*** Opening of PROVIDED DATA ***

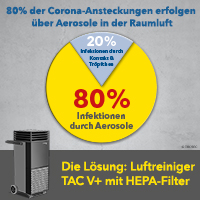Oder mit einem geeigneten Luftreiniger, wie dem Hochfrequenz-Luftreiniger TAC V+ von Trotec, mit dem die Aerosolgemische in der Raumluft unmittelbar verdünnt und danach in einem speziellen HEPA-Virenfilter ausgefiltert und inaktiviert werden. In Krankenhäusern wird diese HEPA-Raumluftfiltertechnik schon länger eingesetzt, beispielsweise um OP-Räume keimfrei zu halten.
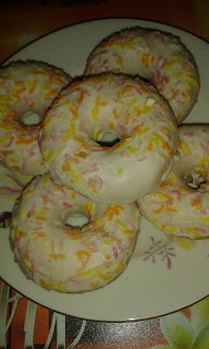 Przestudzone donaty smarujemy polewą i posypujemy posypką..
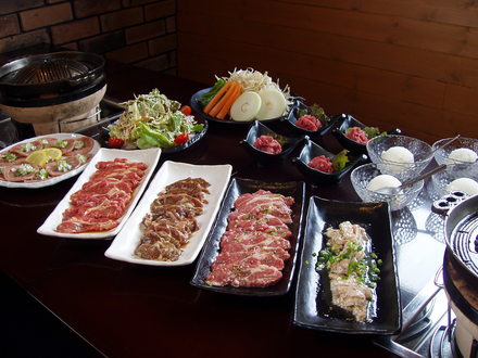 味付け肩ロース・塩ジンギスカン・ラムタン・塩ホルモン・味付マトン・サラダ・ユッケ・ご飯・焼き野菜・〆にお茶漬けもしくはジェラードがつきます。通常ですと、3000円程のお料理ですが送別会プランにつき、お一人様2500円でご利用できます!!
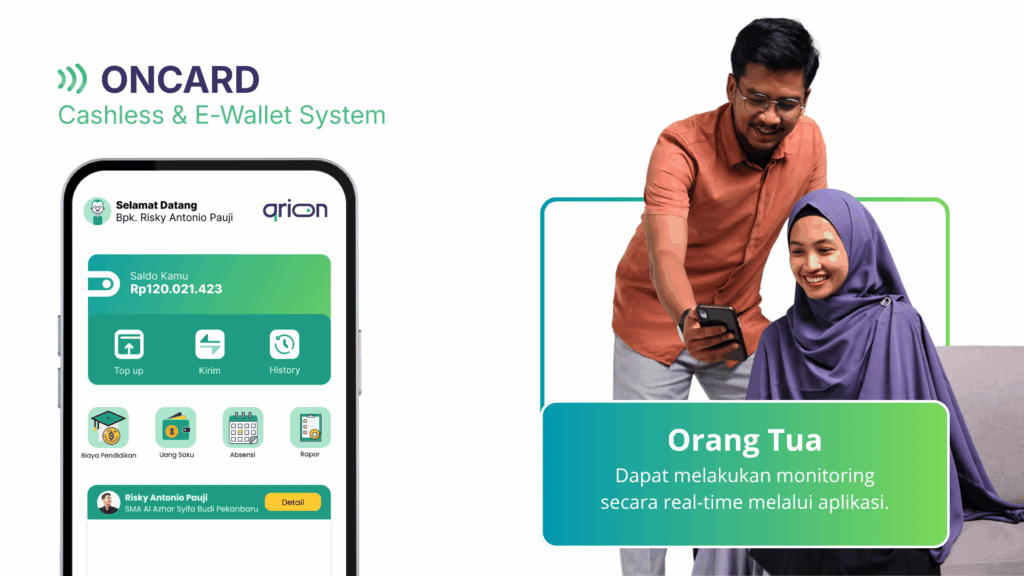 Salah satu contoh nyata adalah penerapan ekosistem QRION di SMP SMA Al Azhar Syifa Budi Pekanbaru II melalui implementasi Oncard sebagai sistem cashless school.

*** Close of PROVIDED DATA ***

WHAT IS BEING ASKED: Write out the material above exactly; no pictures.

REPLY:
Oder mit einem geeigneten Luftreiniger, wie dem Hochfrequenz-Luftreiniger TAC V+ von Trotec, mit dem die Aerosolgemische in der Raumluft unmittelbar verdünnt und danach in einem speziellen HEPA-Virenfilter ausgefiltert und inaktiviert werden. In Krankenhäusern wird diese HEPA-Raumluftfiltertechnik schon länger eingesetzt, beispielsweise um OP-Räume keimfrei zu halten.
 Przestudzone donaty smarujemy polewą i posypujemy posypką..
 味付け肩ロース・塩ジンギスカン・ラムタン・塩ホルモン・味付マトン・サラダ・ユッケ・ご飯・焼き野菜・〆にお茶漬けもしくはジェラードがつきます。通常ですと、3000円程のお料理ですが送別会プランにつき、お一人様2500円でご利用できます!!
 Salah satu contoh nyata adalah penerapan ekosistem QRION di SMP SMA Al Azhar Syifa Budi Pekanbaru II melalui implementasi Oncard sebagai sistem cashless school.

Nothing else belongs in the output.